MICRESS Forum

Greetings,

I hope you are doing great!

This is my first post in here. I am a new user of the software, and I´ve trying to run some simulations regarding the solidification behaviour of austenitic stainless steels in the LPBF process. I firstly wanted to start off with simple simulations in the equilibrium conditions. I did two simulations, first one, I only added three elements FE CR Ni, expecting a primary ferritic solidification into a solid state reaction resulting in austenite formation.
The dendritic growth seemed to be okay for the first simulation, I used one of the examples and did some adjustemnts until it looked acceptable. However, when I used the same driving file for the second simulation where I only added some more elements MO MN SI, the dendritic growth looked very strange as you can see the difference down below.
I tried changing some parameters one at a time such as the interfacial energy between phases 0 and 1, min. undercooling, time scale, diffusion intervals, etc.. but I have not really been able to solve it.

Given my limited experience using the software and in materials science generally, I would greatly appreciate your help in my endeavour!
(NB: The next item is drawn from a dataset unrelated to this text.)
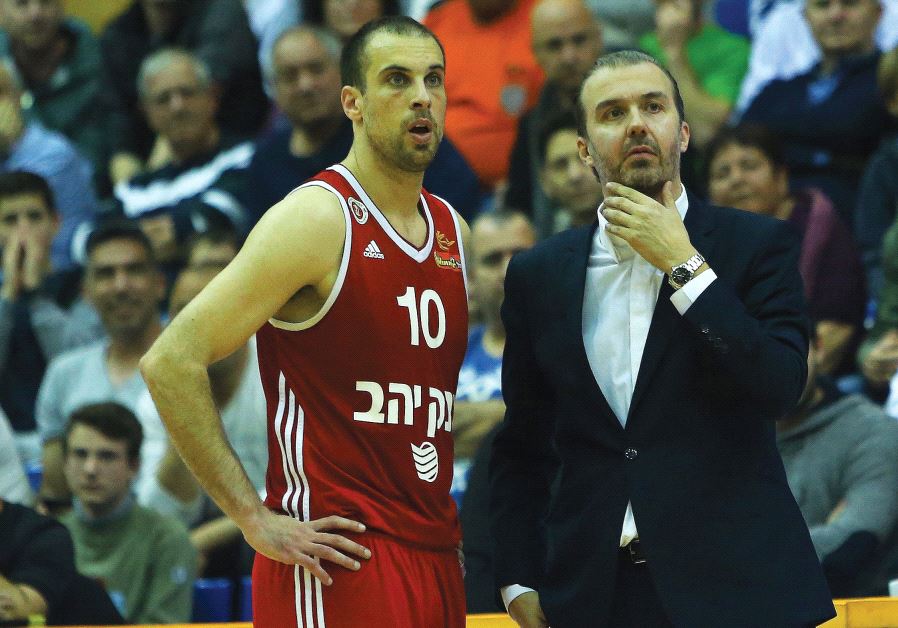 Hapoel Jerusalem coach Simone Pianigiani (right) and captain Yotam Halperin called on the team’s fans to pack the Jerusalem Arena tonight in Game 1 of the Eurocup quarterfinal series against Spain’s Gran Canaria. (photo credit: UDI ZITIAT)ByALLON SINAI

The driving files are also attached here: 1st simulation (Test_FeCrNi), 2nd (AISI 316 L) Thanks in advance and best regards,
Taha

Dear Taha,

Welcome to the MICRESS forum!

I am currently at the Calphad conference, and have not yet been able to run your input files to know exactly what happens. However, looking through the files, I have seen the following:

1.) You have put the initial temperature for your second simulation much lower than for the first. The second should also be solidification, shouldn't it?
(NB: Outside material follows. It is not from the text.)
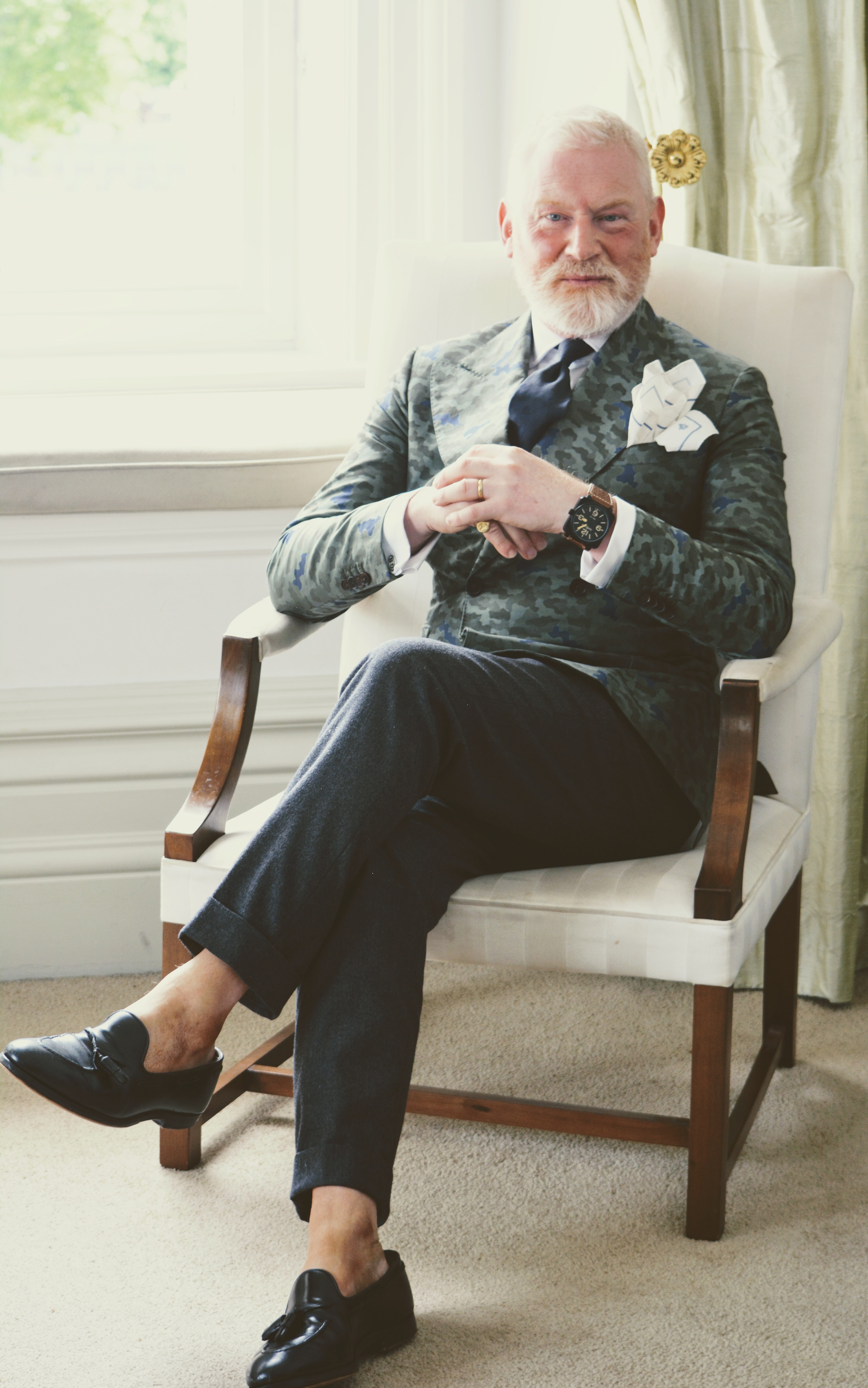 I’ve been particularly interested in camouflage for a number of years now. I think it is because if works so well with formal suits creating that ‘Sprezzatura’ look that I am always chasing. I’m not so fond of being too perfect, breaking a suit up with a camouflage jacket helps to create a sense of confusion and challenge what dressing is about, which I am very keen on. Camouflage also goes so well with reds and pinks which are probably my signature trouser colour. For each camouflage piece I own, I always try and pair it with something more formal. My favourite look nearly six years ago now was to pair camouflage combat trousers with suede crocket and jones snuff loafers, pink striped shirt, Ralph Lauren bowtie and a 6 button double breasted blazer. It was in my opinion such a fab look and so unexpected to see the very formal blazer wickedly contrasting the camouflage combats, and loafers, sockless of course! Since this time, I’ve extended my camouflage wardrobe to include one very fitting cotton camouflage double breasted jacket. I had this made as I wanted to show my children that jackets and suiting could look fabulous and great style didn’t have to be restricted to a very traditional look. I must say it was great to turn up to the school performance making a statement rather than wearing the standard dad kit, each to their own I think. More recently I’ve bought a camouflage field jacket that looks super with orange corduroys. I think it goes back to the idea of matching colours on one hand and also breaking the traditional of what people might expect a gentleman to wear. Being the keen observer of style that I am, I’ve noticed that it isn’t only men but women are also recognising that camouflage is a fabric that just can’t be ignored right now. I’m not sure if we’ve reached peak-camouflage or not, maybe it’s always been around and will always be. Nonetheless even if I stop wearing my super double breasted camouflage jacket, it will be neatly stored for when my boys hit size 38R, because I know they’ll love it as wear it as much as I.

2.) You have defined quite narrow minimum and maximum time step values in the section "Numerical parameters", which is dangerous because it may limit the interface mobility. These parameters are for performance optimization only (which should be done at the very end of the input file setup). I propose using "automatic" time-steps instead of "automatic_limited" at the beginning (or define minimum /maximum very broad like "1.E-30 1.0")
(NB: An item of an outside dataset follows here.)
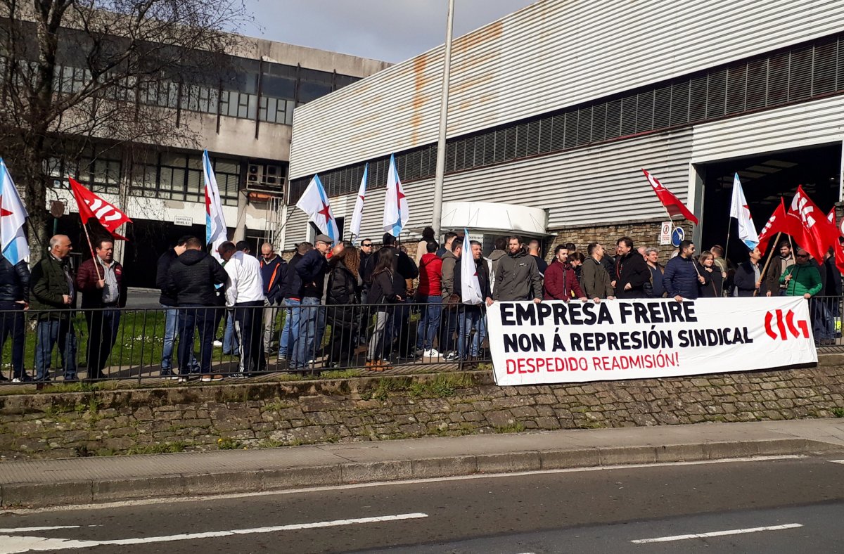 Logo de ter impugnado o proceso electoral diante da Inspección de Traballo e de ter presentado na consellaría de Emprego e Igualdade papeleta de conciliación solicitando a nulidade do despedimento iniciábase hoxe a primeira das mobilizacións previstas para denunciar publicamente o despedimento dun condutor da Empresa Freire que se ía presentar pola CIG nas eleccións sindicais.

3.) You do not any updating of thermodynamic data which is dangerous. You should define a reasonable updating interval either globally (section "database") or for specifically the 0/1 interface (section "phase interactions").

My tentative explanation of your results: In your second simulation (AlSi316L) you have a extreme undercooling, and at the same time a cutting of the interface mobility. Thus, driving forces should be extremely high (you can check .driv output), so that curvature effects are completely suppressed.

Please check whether my guess is correct.

Best wishes
Bernd

Dear Mr. Bernd,

Thank you for your quick response, and I wish you all the best at the conference.

Regarding the suggested driving file adjuestments:

1) yes both simulations are solidification simulations, but for the second one I just lowered the start temperature because (according to ThermoCalc), the nucleation would occur at a lower temperature after adding the additional elements C Mo MN Si.

2)Under "Numerical Parameters" I used the automatic time-step option

3)For updating the thermodynamic data, if I understood right, The following adjustment under "Phase interactions" was done accordingly:
# Relinearisation interval for interface LIQUID / DELTA-FERRITE
# Options: automatic manual from_file none
manual 1.0000000E-03
I also reduced the cofficient delta of the interfacial stiffness down to 0.3 instead of 0.5

4)I tried the above mentioned settings at different lower undercooling values for seed type 1.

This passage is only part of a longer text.